» Work instruction
Starting from the line with "浙江省2016年10月自考01630《级进模与自动模》试题.pdf" and going up to and including the line with "Rectangular frame in", copy the listing below exactly. Leave all images out.

» Record excerpts
——————————

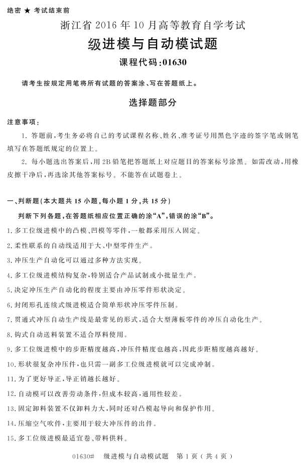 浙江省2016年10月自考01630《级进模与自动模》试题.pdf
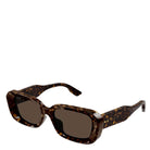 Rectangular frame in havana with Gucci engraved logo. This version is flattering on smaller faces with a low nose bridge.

——————————

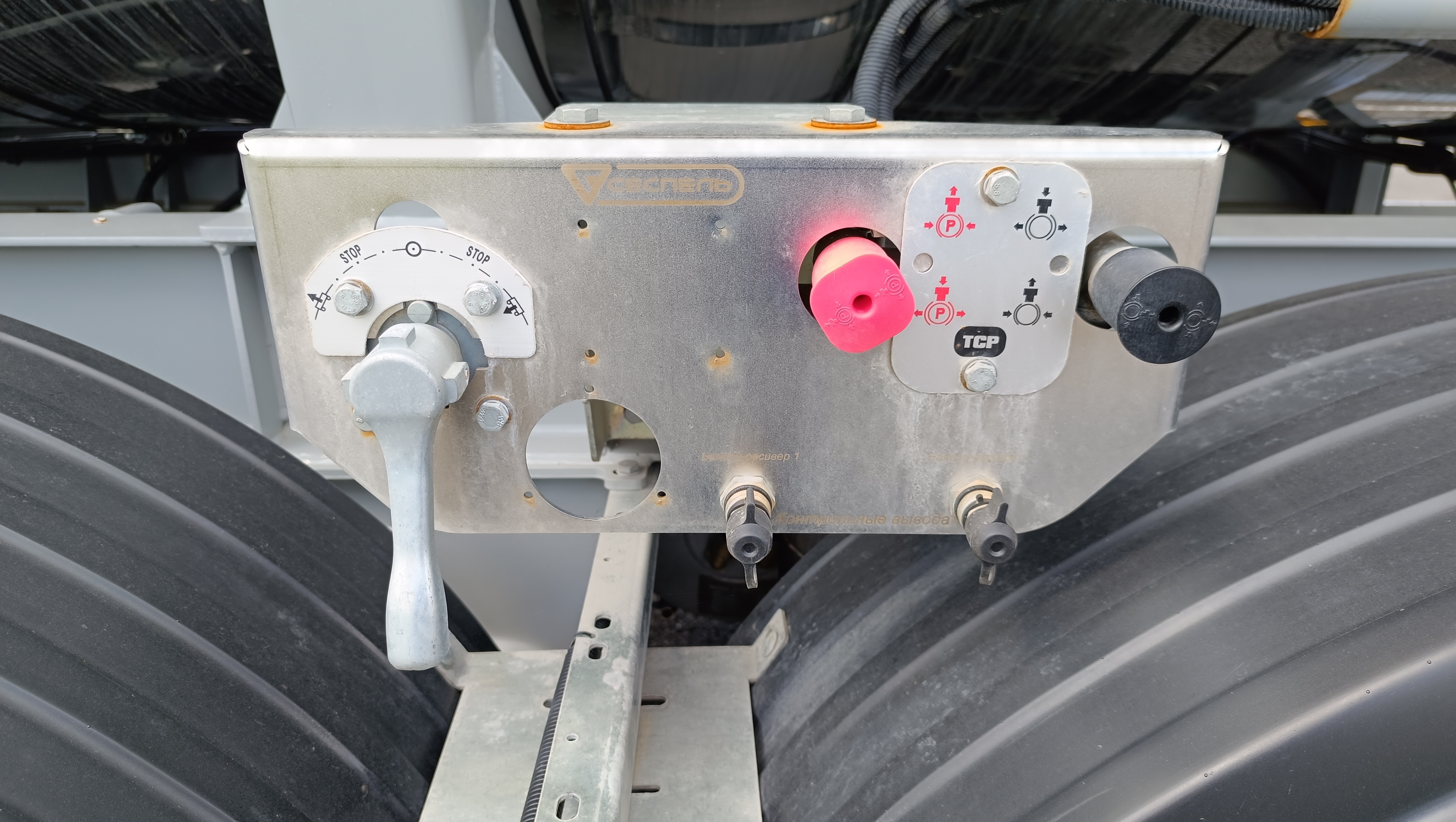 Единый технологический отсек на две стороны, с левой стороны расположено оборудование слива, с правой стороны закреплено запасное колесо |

——————————

» Output below
 浙江省2016年10月自考01630《级进模与自动模》试题.pdf
 Rectangular frame in havana with Gucci engraved logo. This version is flattering on smaller faces with a low nose bridge.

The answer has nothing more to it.